The ostensible material this week is Random Forests. They are a generalization of Classification/Regression Trees. No assignment for Monday; everything will be done in class. Redo the class material and hand it in on Wednesday (not Friday – we will go over the results in class.)

Here is the assignment for Wednesday, including the readings on Random Forests.  BDA18 Random Forest Assign May 2, 2018.

Here is the material used in class. BDA18 Random Forests2018B

The other agenda this week is to develop your skills in debugging. This is the key skill of writing code: figuring out what is wrong and how to fix it.

For Week 6, text mining. Here is the assignment for next Monday BDA18 Text mining #1 assign. (Short assignment handed in Sunday night.)

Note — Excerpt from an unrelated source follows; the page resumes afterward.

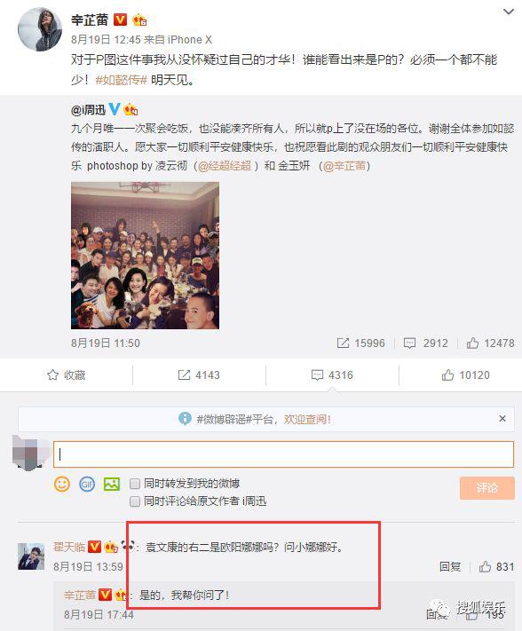辛芷蕾发《如懿传》剧组的大合照,翟天临就跑过来说自己认出了欧阳娜娜,还说"问小娜娜好"。

Playstation #SIE-PSN information

Information dissemination for Sony.

This page is only for BDA participants who are working with the Sony Playstation data set. The information flow will usually be:

SIE   ===> William ===> Professor ====> This page ====> Participants

Ground Rules for this Project

  • You must have signed an NDA and gotten it to William before getting any data. No exceptions. You must take the NDA seriously, including protecting the safety of electronic data.
  • For questions and information flow in the other direction, William will answer questions submitted by email. But expect 3 day responses, so mainly figure out answers on your own.
  • This project will require initiative on your part. Huge amounts of information relevant to the project are around, but you have to identify and locate it yourselves. Examples include thorough documentation for Adobe’s web statistics package, the structure of the web site itself, the meanings of the variables (many of which are standard Adobe material). You will deal with incomplete and occasionally even erroneous data.
  • Creativity and curiosity will be well rewarded. This is a great opportunity – take advantage of it.

Next steps

Write to me with confirmation that you did the NDA, and that both team members are willing and able to work on the project. I will send back the URL’s for the data. Write by team. Be sure to use hashtag   #SIE-PSN in all your email about this project.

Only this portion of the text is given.